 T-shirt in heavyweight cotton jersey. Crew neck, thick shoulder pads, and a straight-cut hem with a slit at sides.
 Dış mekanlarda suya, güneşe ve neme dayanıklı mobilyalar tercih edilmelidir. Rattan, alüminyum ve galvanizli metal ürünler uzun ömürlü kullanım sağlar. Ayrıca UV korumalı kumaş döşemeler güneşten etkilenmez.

==

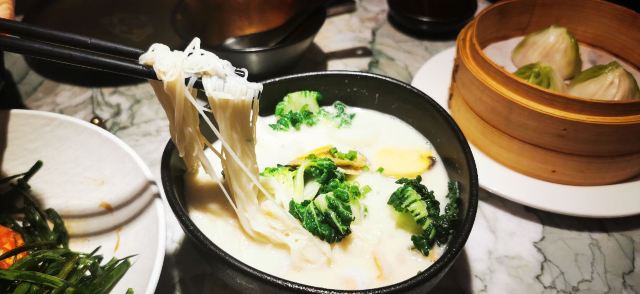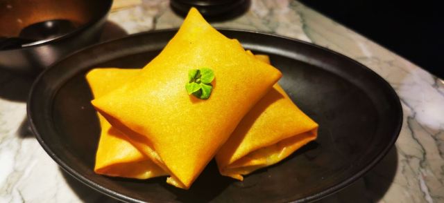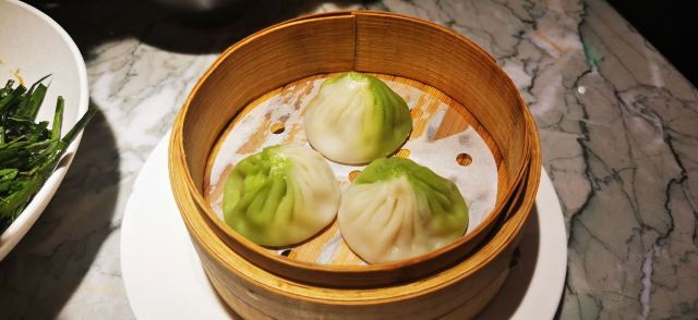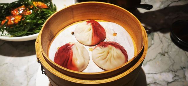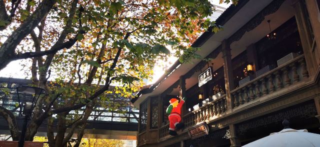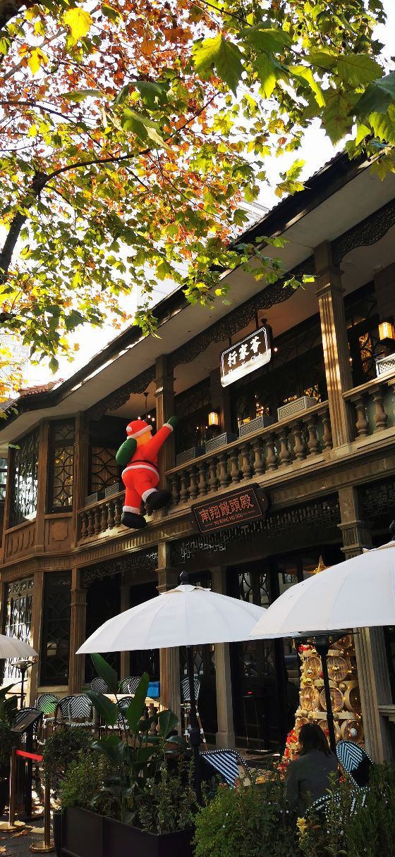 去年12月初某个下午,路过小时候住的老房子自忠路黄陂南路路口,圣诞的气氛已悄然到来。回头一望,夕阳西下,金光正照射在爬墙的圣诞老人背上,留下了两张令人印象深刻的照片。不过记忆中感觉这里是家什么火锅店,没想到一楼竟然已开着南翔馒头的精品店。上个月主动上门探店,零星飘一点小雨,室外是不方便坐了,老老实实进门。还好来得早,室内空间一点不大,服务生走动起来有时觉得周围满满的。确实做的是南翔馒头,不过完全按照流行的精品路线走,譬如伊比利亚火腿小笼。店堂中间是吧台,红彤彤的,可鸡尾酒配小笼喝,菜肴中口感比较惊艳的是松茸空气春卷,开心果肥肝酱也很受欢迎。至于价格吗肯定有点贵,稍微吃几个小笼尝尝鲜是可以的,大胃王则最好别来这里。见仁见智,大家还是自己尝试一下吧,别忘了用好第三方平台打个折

* * *

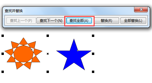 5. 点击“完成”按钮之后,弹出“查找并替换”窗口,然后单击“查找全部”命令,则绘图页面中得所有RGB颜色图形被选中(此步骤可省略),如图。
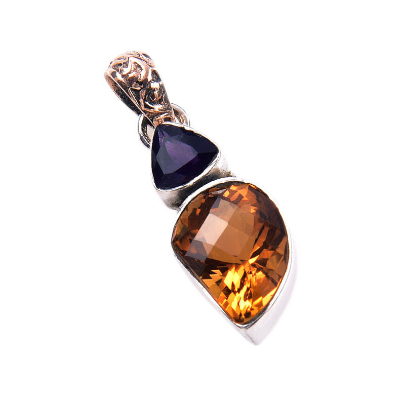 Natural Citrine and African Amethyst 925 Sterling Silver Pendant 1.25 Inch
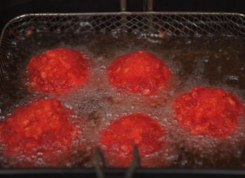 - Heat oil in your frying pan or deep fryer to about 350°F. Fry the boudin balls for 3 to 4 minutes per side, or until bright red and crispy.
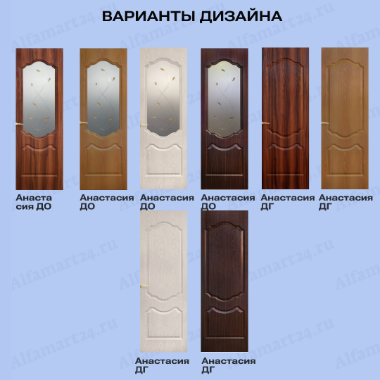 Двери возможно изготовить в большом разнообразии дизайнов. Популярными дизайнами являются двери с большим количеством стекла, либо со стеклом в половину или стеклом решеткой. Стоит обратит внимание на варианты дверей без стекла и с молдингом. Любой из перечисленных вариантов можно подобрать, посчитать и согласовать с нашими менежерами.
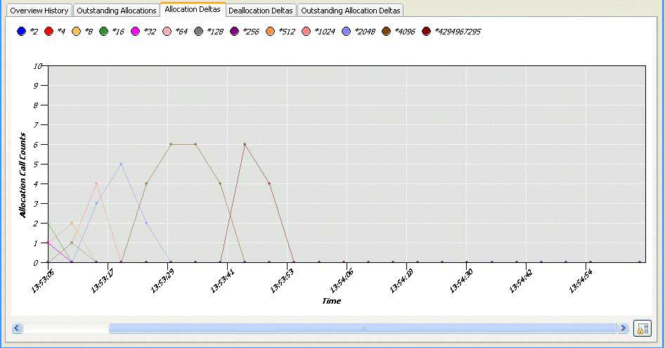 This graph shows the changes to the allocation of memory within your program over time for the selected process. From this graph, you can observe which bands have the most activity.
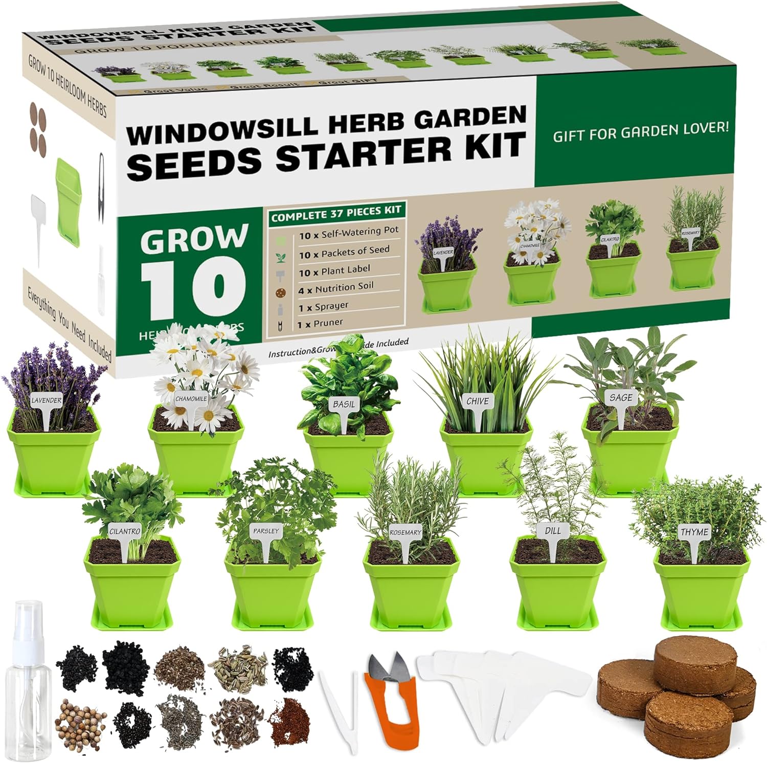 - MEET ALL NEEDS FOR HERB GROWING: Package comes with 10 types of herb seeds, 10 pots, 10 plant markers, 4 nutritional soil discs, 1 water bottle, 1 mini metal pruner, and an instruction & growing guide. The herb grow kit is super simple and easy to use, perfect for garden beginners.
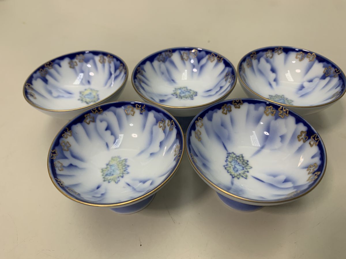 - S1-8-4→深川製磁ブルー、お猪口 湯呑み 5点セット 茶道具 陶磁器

=== Your objective ===
Copy the lines above exactly, beginning at the line that has "T-shirt in heavyweight" and stopping after the line that has "Dış mekanlarda suya, güneşe", and omit the rest.

=== Solution below ===
 T-shirt in heavyweight cotton jersey. Crew neck, thick shoulder pads, and a straight-cut hem with a slit at sides.
 Dış mekanlarda suya, güneşe ve neme dayanıklı mobilyalar tercih edilmelidir. Rattan, alüminyum ve galvanizli metal ürünler uzun ömürlü kullanım sağlar. Ayrıca UV korumalı kumaş döşemeler güneşten etkilenmez.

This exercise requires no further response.